Using 2^64 instead of 2^56 space is not nice, but there are more elaborate workarounds for this I'm too lazy to describe here.

Prof. Paar, wonderful lectures to date (even though I don't speak German, ha)

One nitpick question - in your Theorem 5.2.1, which describes the expected # of false keys, should there be an extra "minus 1" at the end, to account for the one true positive key?

Or to ask with an example, if in AES we have both an input block size of 128 bits, and a key length of 128 bits, and one PT/CT pair, do we on average expect 2^(128-1*128) = 2^0 = 1 false positives, or NO (2^0 - 1) false positives?

Thanks!

Hats off, Prof Paar! Excellent lectures.

Go to sleep but don't talk 😍😍

Thanks a lot.

I think It's important to point out that the reason The Meet-In-The-Middle attack works efficiently is because we are assuming that searching the table is O(1) complexity or at most O(log(n))

It is worth noting that the formula in the end to calculate expected number of keys that will be false positives is not correct. It is just a simplified approximation that only works when you have a large discrepancy between the value of H and the sum of t*n.
For example if you assume t = 1, H = 64 and t = 64 you get a result of 1, which is obviously incorrect as the probability of having a false positive should be about 0.64. You get correct values in that case by using the formula: 1-(1-2^-n)^(2^H-1), note that you need a calculator with variable precision arithmetic to handle the huge exponents and the high precisions in the intermediate steps.

Great explanation. I get the point of the critique of double encryption. However, I wouldn't say it is only "marginally" more secure than DES. Not only does the attacker have to perform 2^57 encrypt/decrypt steps and to obtain something like an exabyte (million terabytes) of storage, he also has to perform 2^56 lookups on a table that takes an exabyte of storage. The NSA and several other intelligence agencies certainly could do that, even Google could probably do that, but it seems like would be prohibitive to any but the most well-funded of evil entities.
I suppose I think like an ordinary engineer rather than a cryptographic computer scientist when thinking about "marginal" improvements.

Came here for learning about 3DES, stayed for learning German :)

I'm not really sold on the idea that storing 1.08 exabytes of intermediate ciphertext and keys is at all reasonable for an attack, but I suppose it isn't impossible.

Actually, "naïve" isn't really an English word. I think it was actually a French word that was just adopted into the language--similarly to "déjà vu," "cliché," and "fiancé."

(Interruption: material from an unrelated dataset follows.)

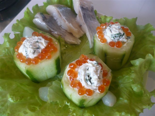 Очень легкая и свежая закусочка. Огурцы фаршированные огурец (потолще и подлиннее ), 1 яйцо ложка сметаны соль перец для украшения - что угодно Яйцо натерла на крупной терке, добавила сметанки, соль, перчик и вымесила. Огурчик очистила от шкурки, нарезала бревнышками и удалила внутреннюю часть, оставив тонкое дно. Нафаршировала яичной смесью и украсила. Я украсила крем-чизом с зеленью и красной икрой. Можно украсить крупной креветкой каждый столбик или веточкой зелени и много еще чем. Приятного аппетита
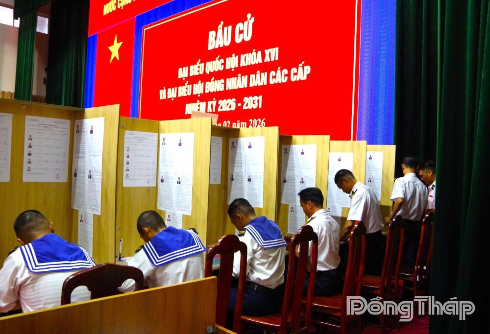 Theo đó, sáng 26-2, tại xã Long Sơn, TP. Hồ Chí Minh, Bộ Tư lệnh Vùng 2 Hải quân phối hợp với Ủy ban bầu cử xã Long Sơn tổ chức bầu cử sớm tại bến cho các lực lượng đi thực hiện nhiệm vụ trên biển và tiễn 2 đoàn công tác đi trên tàu Trường Sa 04 và Trường Sa 21 thuộc Vùng 2 Hải quân để thực hiện nhiệm vụ bầu cử sớm cho các Nhà giàn DK1, tàu trực và các ngư dân ta đang khai thác thủy hải sản trên biển.

Double Enc Attack we are talking about exabytes of storage which is A LOT!

Note that the number of phase II 2E56 - 1 because you cannot use the key that was used to encrypt oherwise the X1 would be equal to Y1.

Hello Professor,

I have one question in this lecture. For double and triple encryption, meet in the middle attack, phase 1 is to encrypt X1 for all possible keys. But how does an attacker know whats X1?

Thank you Professor! This is the type of lecture values outstand than reading the textbook by myself!!

If the problem with DES is that takes a key which is too short in length, is there a way to effectively scale DES like using the same network and principles but with more rounds, more s-boxes etc. so it can be fed a larger key?

In the triple des, you can also do the meet in the middle attack because we know all the intermediate values. So using intermediate values first we can try to find first two keys, when we find them then we can pass to find the third key. Can we do that? Is my question clear?

bro's german is very understandable , but huge respect sir , super , Es hat mir viel Spaß gemacht, aber der Vortrag ist okay

Is it still possible to take your course at uni? JB

I don't believe that there is no hardware capable of brute forcing a 128 bits encryption.

Thank you Professor, great lectures